Here the job is to transcribe the data exactly while omitting the images.

Data segment —
>>

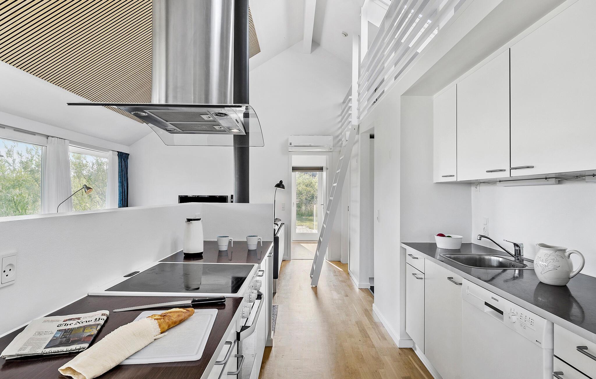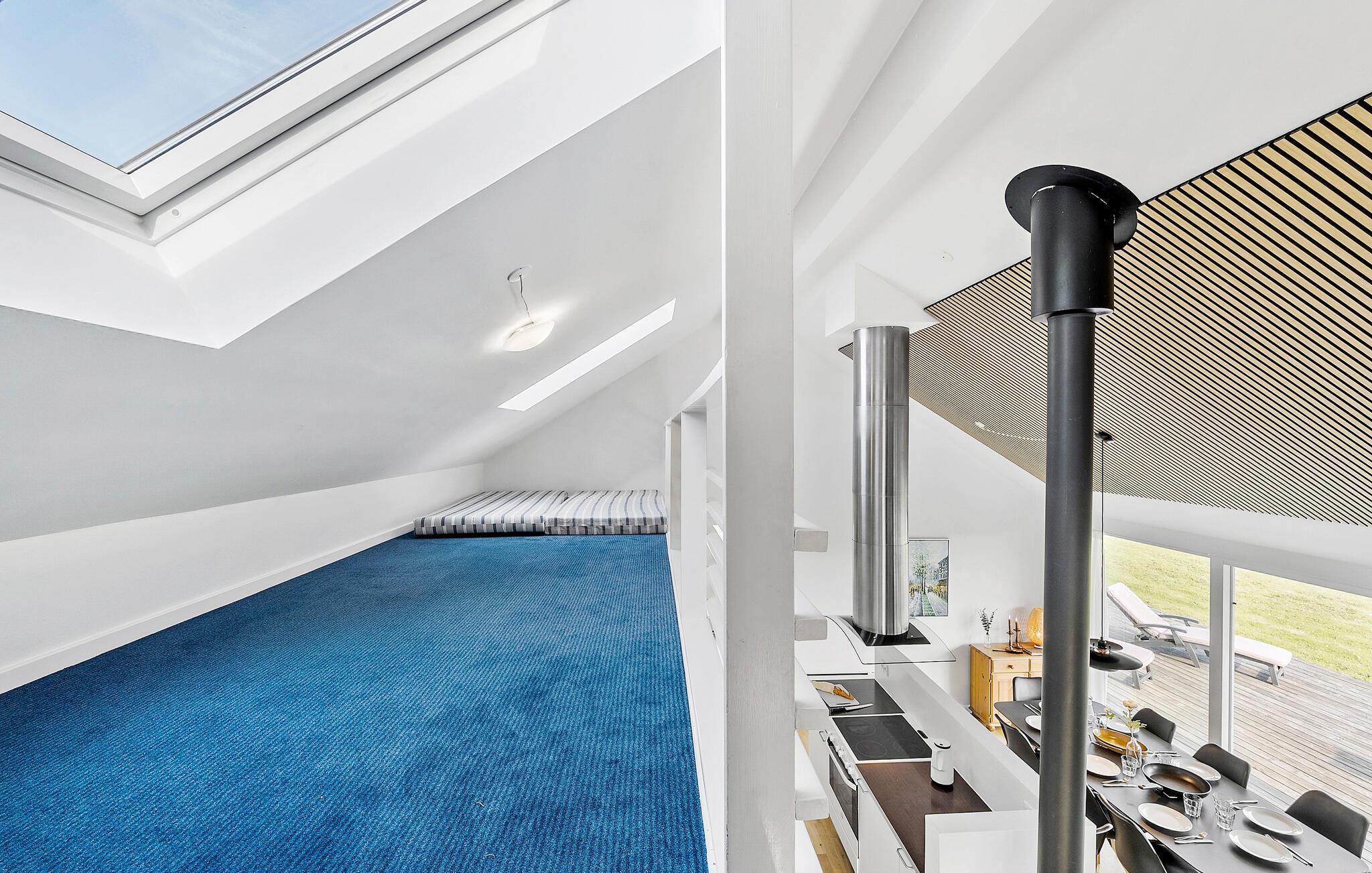 Hier im Norden Jütlands sind Sie genau richtig, wenn Sie abschalten und zur Ruhe kommen möchten. Dieses attraktive Ferienhaus liegt auf einem offenen Naturgrundstück in einem großzügigen Ferienhausgebiet, nicht weit von Fosdalen und dem Strand von Tranum entfernt. Das Haus besticht durch seine spannende Architektur und die hochwertige Ausstattung. Wohn- und Küchenbereich sind kombiniert, und große Fensterfronten lassen viel Tageslicht in den Raum. Eines der drei Schlafzimmer bietet direkten Zugang zu einem luxuriösen Badezimmer mit Whirlpool und Sauna. Zusätzlich verfügt das Haus über einen großen Schlafboden.
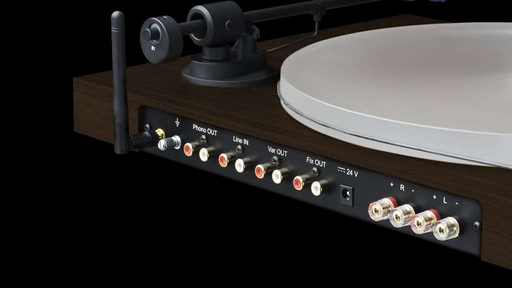 • Parte traseira de gira-discos com várias conexões e acabamento em madeira clara
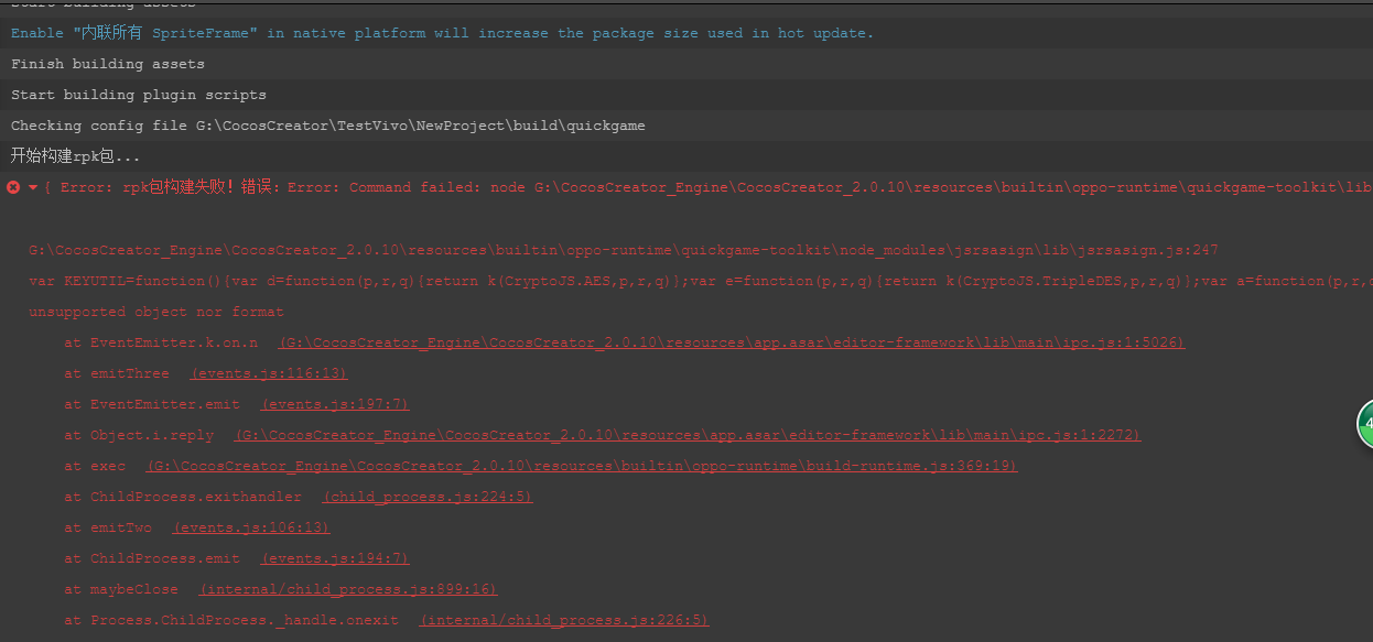 { Error: rpk包构建失败!错误:Error: Command failed: node G:\CocosCreator_Engine\CocosCreator_2.0.10\resources\builtin\oppo-runtime\quickgame-toolkit\lib\bin\index cocoscreator release --small-pack
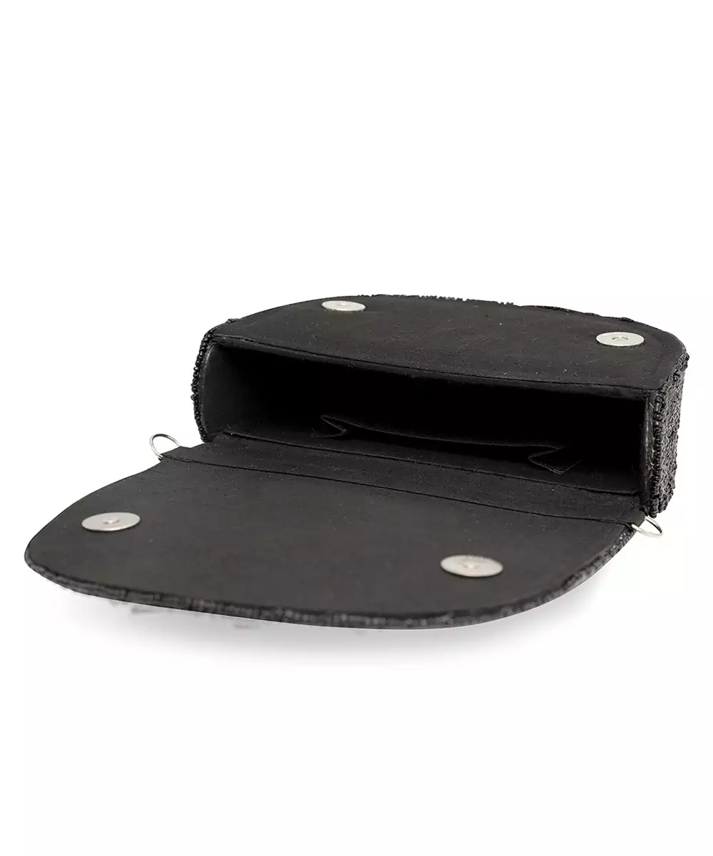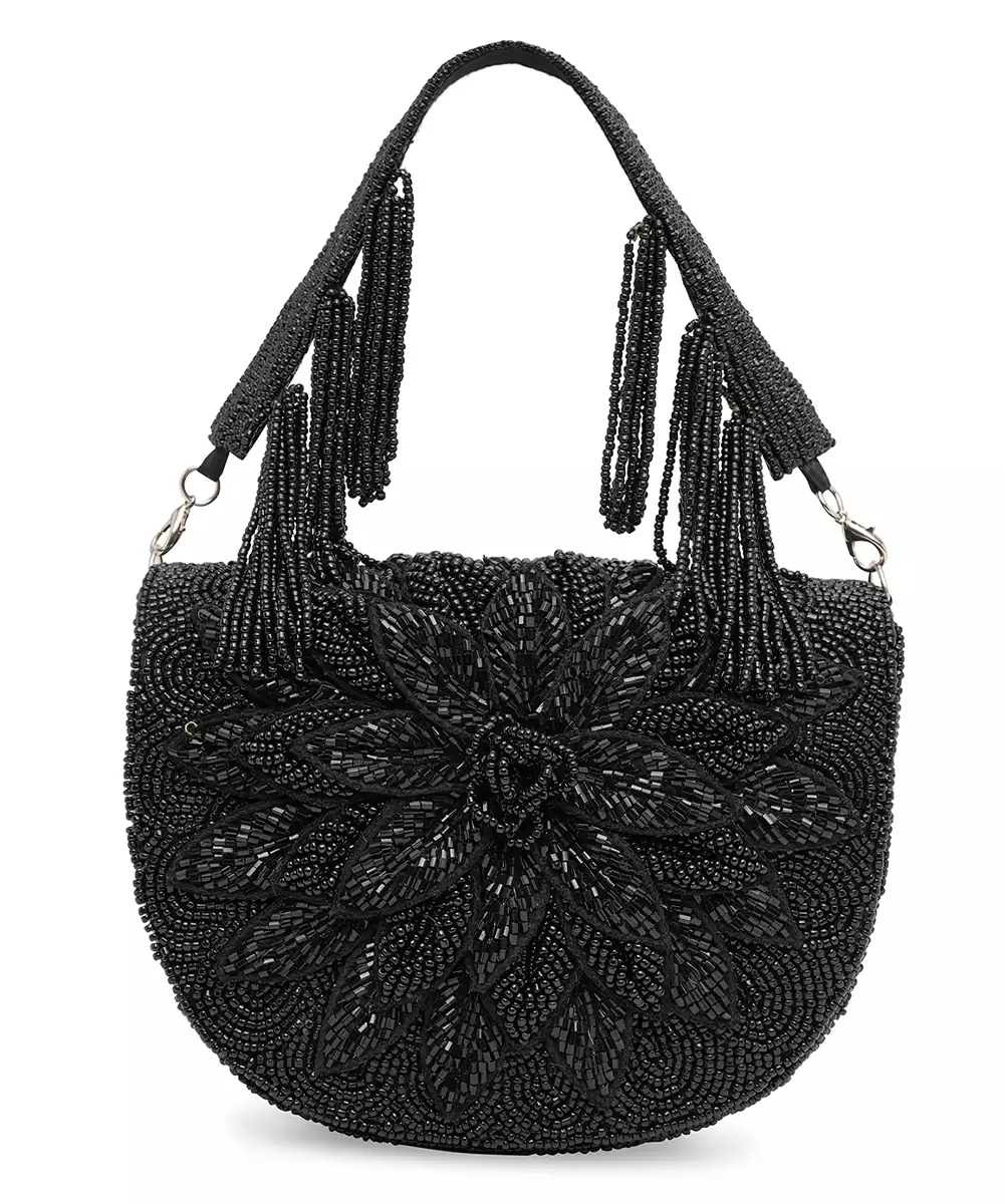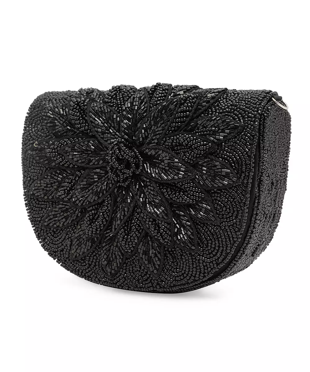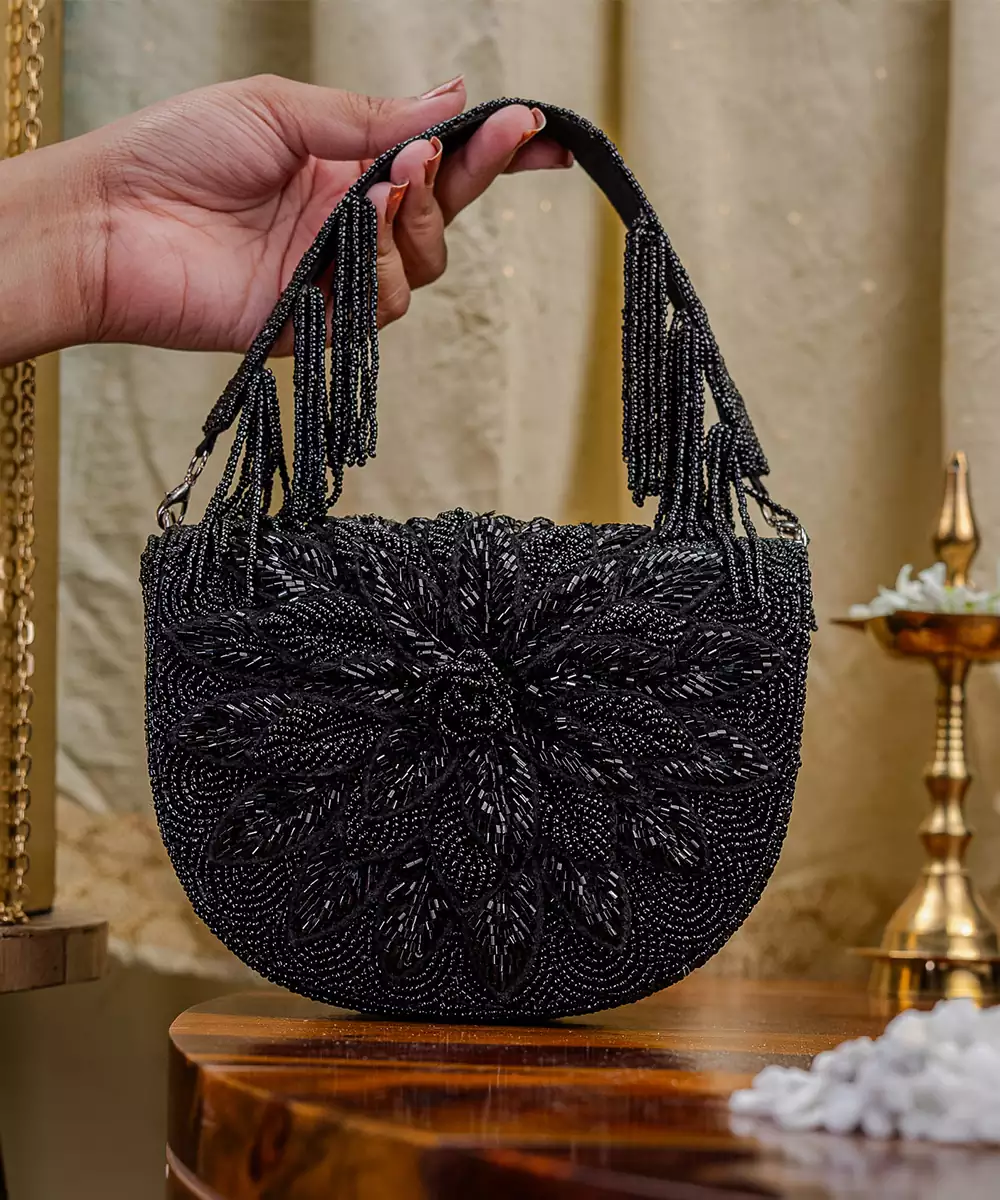 Elegant Black Silk Base With Intricate Bead Embroidery And Tonal Embellishments. Foldover Silhouette With Button Closure And Wrist Loop For Graceful Carrying. One Main Compartment To Hold Essentials—Lipstick, Cards, Keys. Perfect For Bridal Trousseau, Festive Gifting, Or Evening Wear. Style Note: Pair With Black Sarees, Gold Lehengas, Or Sequin Gowns For A Timeless Glam Finish.

<<

Output —
 Hier im Norden Jütlands sind Sie genau richtig, wenn Sie abschalten und zur Ruhe kommen möchten. Dieses attraktive Ferienhaus liegt auf einem offenen Naturgrundstück in einem großzügigen Ferienhausgebiet, nicht weit von Fosdalen und dem Strand von Tranum entfernt. Das Haus besticht durch seine spannende Architektur und die hochwertige Ausstattung. Wohn- und Küchenbereich sind kombiniert, und große Fensterfronten lassen viel Tageslicht in den Raum. Eines der drei Schlafzimmer bietet direkten Zugang zu einem luxuriösen Badezimmer mit Whirlpool und Sauna. Zusätzlich verfügt das Haus über einen großen Schlafboden.
 • Parte traseira de gira-discos com várias conexões e acabamento em madeira clara
 { Error: rpk包构建失败!错误:Error: Command failed: node G:\CocosCreator_Engine\CocosCreator_2.0.10\resources\builtin\oppo-runtime\quickgame-toolkit\lib\bin\index cocoscreator release --small-pack
 Elegant Black Silk Base With Intricate Bead Embroidery And Tonal Embellishments. Foldover Silhouette With Button Closure And Wrist Loop For Graceful Carrying. One Main Compartment To Hold Essentials—Lipstick, Cards, Keys. Perfect For Bridal Trousseau, Festive Gifting, Or Evening Wear. Style Note: Pair With Black Sarees, Gold Lehengas, Or Sequin Gowns For A Timeless Glam Finish.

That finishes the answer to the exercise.